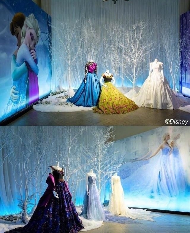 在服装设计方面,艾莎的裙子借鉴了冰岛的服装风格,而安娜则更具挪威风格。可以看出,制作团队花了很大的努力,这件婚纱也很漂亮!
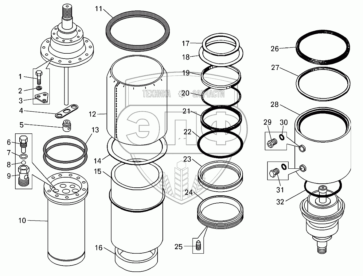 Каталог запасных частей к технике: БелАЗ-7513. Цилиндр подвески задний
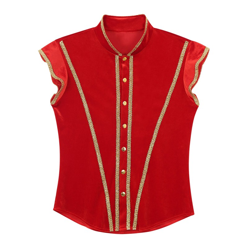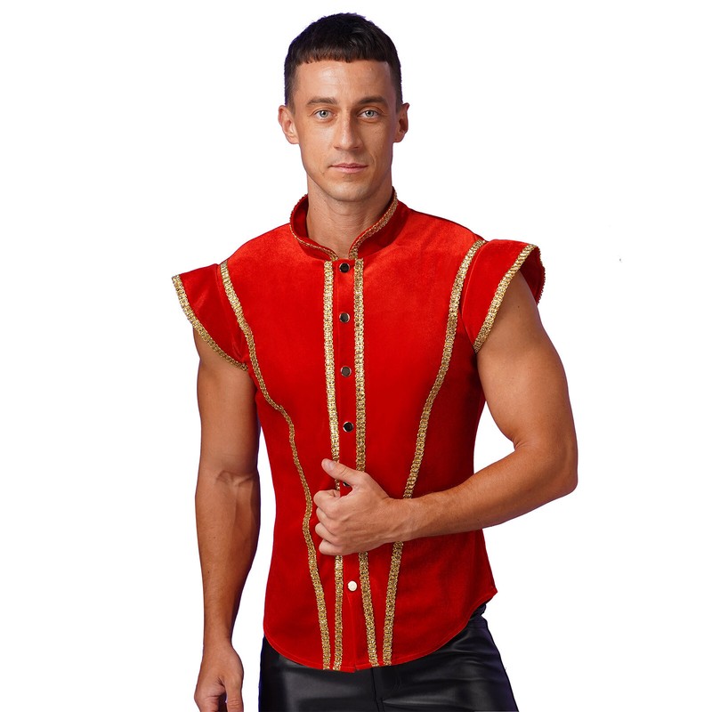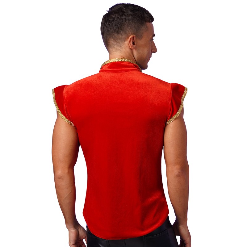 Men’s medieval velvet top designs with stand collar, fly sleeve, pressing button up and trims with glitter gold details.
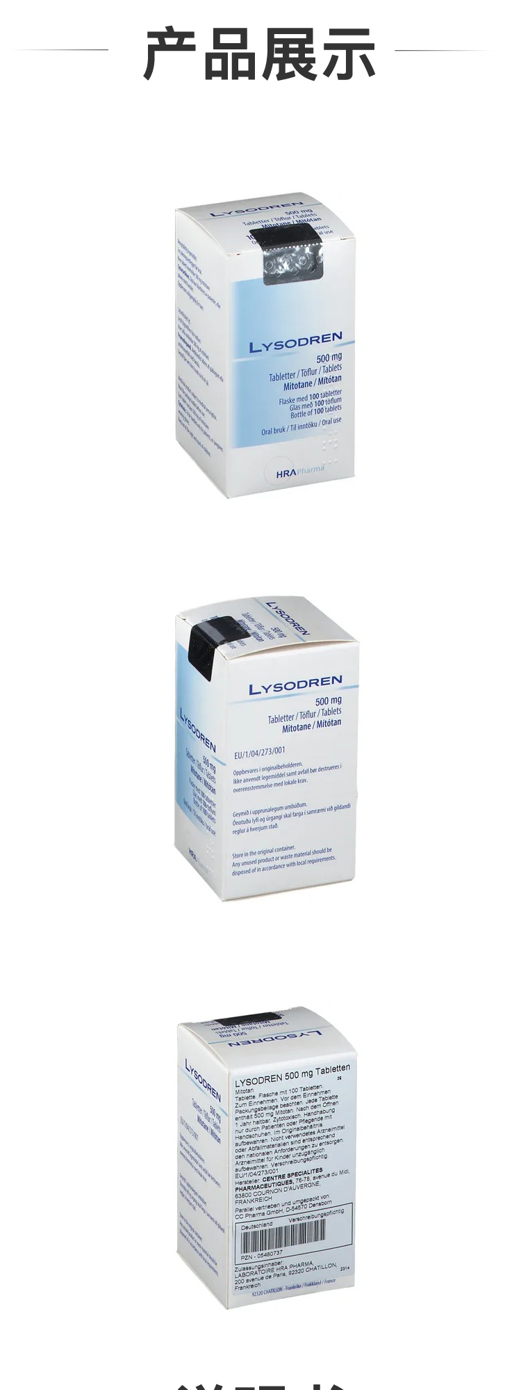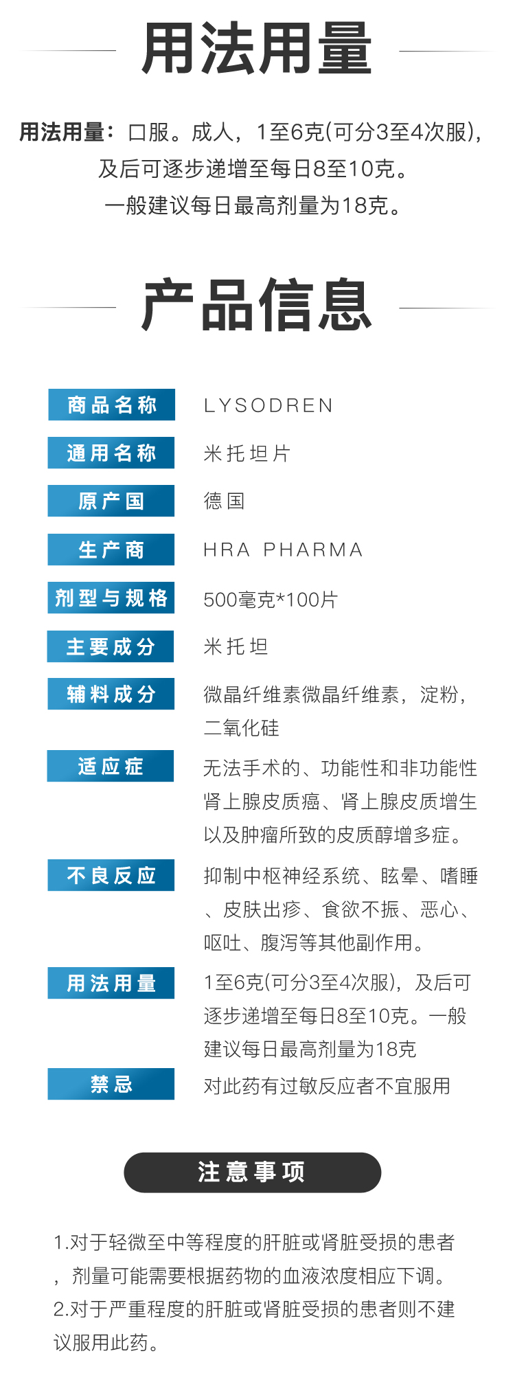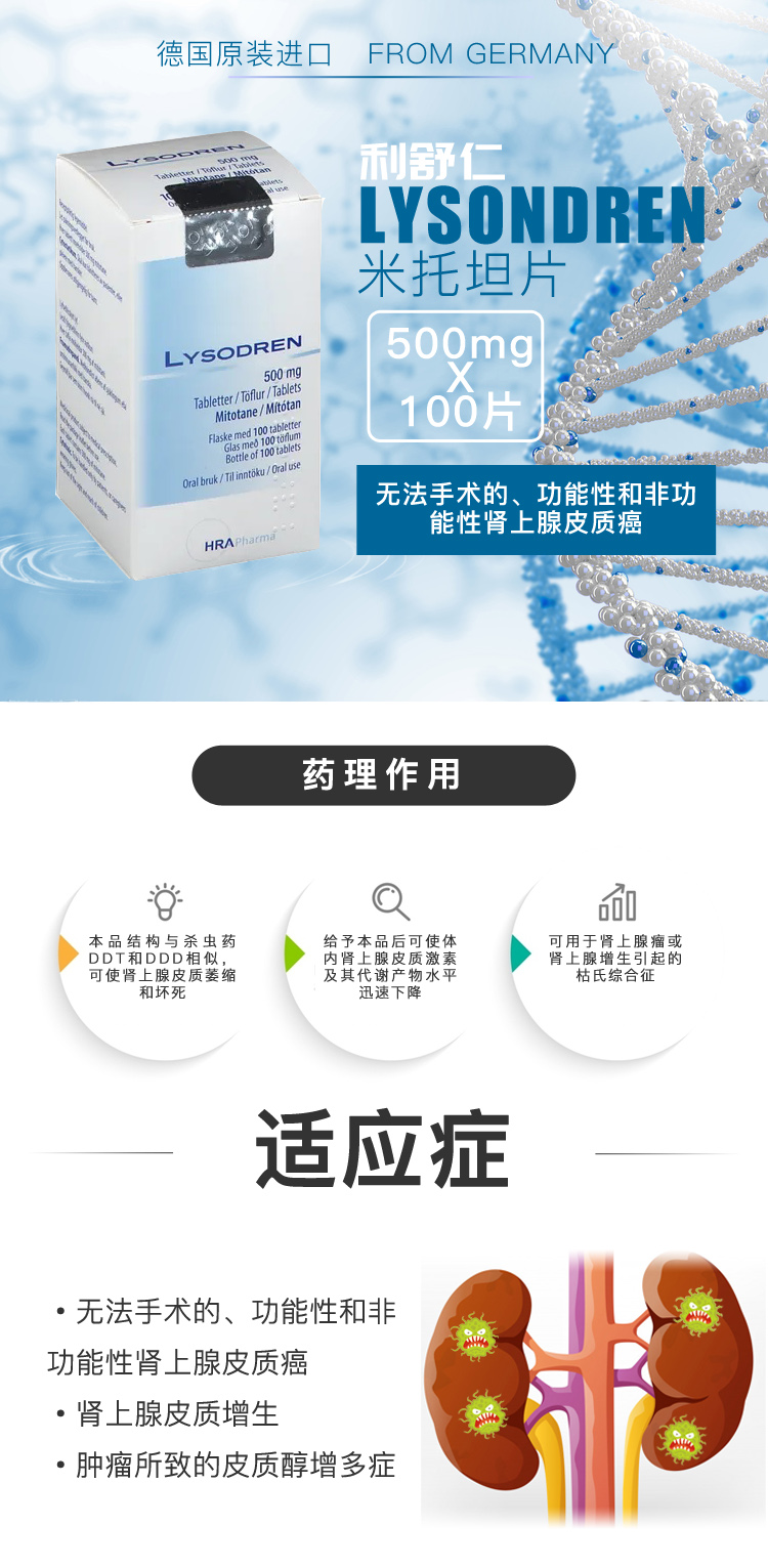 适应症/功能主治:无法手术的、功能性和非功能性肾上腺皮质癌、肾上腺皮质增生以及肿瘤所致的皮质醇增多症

+ + + +

__EXERCISE__
Repeat every line above exactly, but omit all images.

__RESULT FOR THIS TASK__
 在服装设计方面,艾莎的裙子借鉴了冰岛的服装风格,而安娜则更具挪威风格。可以看出,制作团队花了很大的努力,这件婚纱也很漂亮!
 Каталог запасных частей к технике: БелАЗ-7513. Цилиндр подвески задний
 Men’s medieval velvet top designs with stand collar, fly sleeve, pressing button up and trims with glitter gold details.
 适应症/功能主治:无法手术的、功能性和非功能性肾上腺皮质癌、肾上腺皮质增生以及肿瘤所致的皮质醇增多症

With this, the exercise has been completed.